I have three columns in a table, customerId, date and storedvalue (amount in the wallet of a customer) I need to count the days between a person loads cash in to his account and exhaust it to zero. For example, if a person loads cash on 2024-01-01 and he finishes it on 2024-01-05 then the day count should be 4. If he loads it back again then the count starts again.

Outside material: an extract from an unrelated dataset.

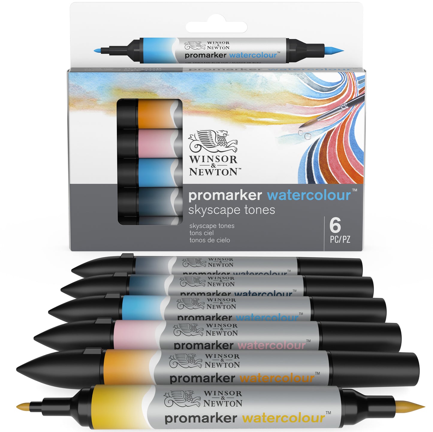 The 6-Marker Sky Tones Set includes raw sienna, cadmium orange hue, pale rose, cerulean blue hue, indigo and Payne's gray

Cistomerid | date | storedvalue |
---|---|---|
1234567 | 2024-01-01 | 100 |
1234567 | 2024-01-02 | 55 |
1234567 | 2024-01-03 | 45 |
1234567 | 2024-01-04 | 67 |
1234567 | 2024-01-05 | 0 |
1234567 | 2024-01-06 | 300 |
1234567 | 2024-01-07 | 100 |
1234567 | 2024-01-08 | 150 |
1234567 | 2024-01-09 | 0 |
The result needs to be like
CustomerId | date diff |
---|---|
1235567 | 4 |
1234567 | 3 |
In the above example the customer added 100rs to the wallet on 2024-01-01 and spent it to zero by 2024-01-04. the date diff between the day money is added and the day money got exhausted should be calculated and it's 4 days in the first instance. If the money is again added to the wallet after its zero that should be calculated as second instance and it's day 1 again and again he spends all the money by 2024-01-09 which will be 3 days. The partition should happen on 0. He can add and spend any number of times but once the account is zero the previous count ends and new count starts.
Thanks in advance!!
I tried the following script but it returns only the data with amount zero
WITH ranked_data AS (
SELECT
customerID,
date,
storedvalue,
ROW_NUMBER() OVER (PARTITION BY customerID ORDER BY date) AS row_num,
ROW_NUMBER() OVER (PARTITION BY customerID, storedvalue ORDER BY date) AS value_change_num
FROM
your_table_name
)
SELECT
customerID,
MIN(date) AS start_date,
MAX(date) AS end_date,
DATEDIFF(day, MIN(date), MAX(date)) AS days_between
FROM
ranked_data
WHERE
storedvalue = 0
GROUP BY
customerID,
storedvalue,
row_num - value_change_num
ORDER BY
customerID,
start_date;
First is to identify the related sets of rows which is when the storedValue
turns 0
. Using the lag()
window function to get the previous row value and case
expression to check the value is 0
. Performing a cumulative sum() over ()
gives you the required grouping
select Cistomerid,
datediff(day, min(date), max(date))
from
(
select *, grp = sum (case when prevValue = 0 then 1 else 0 end)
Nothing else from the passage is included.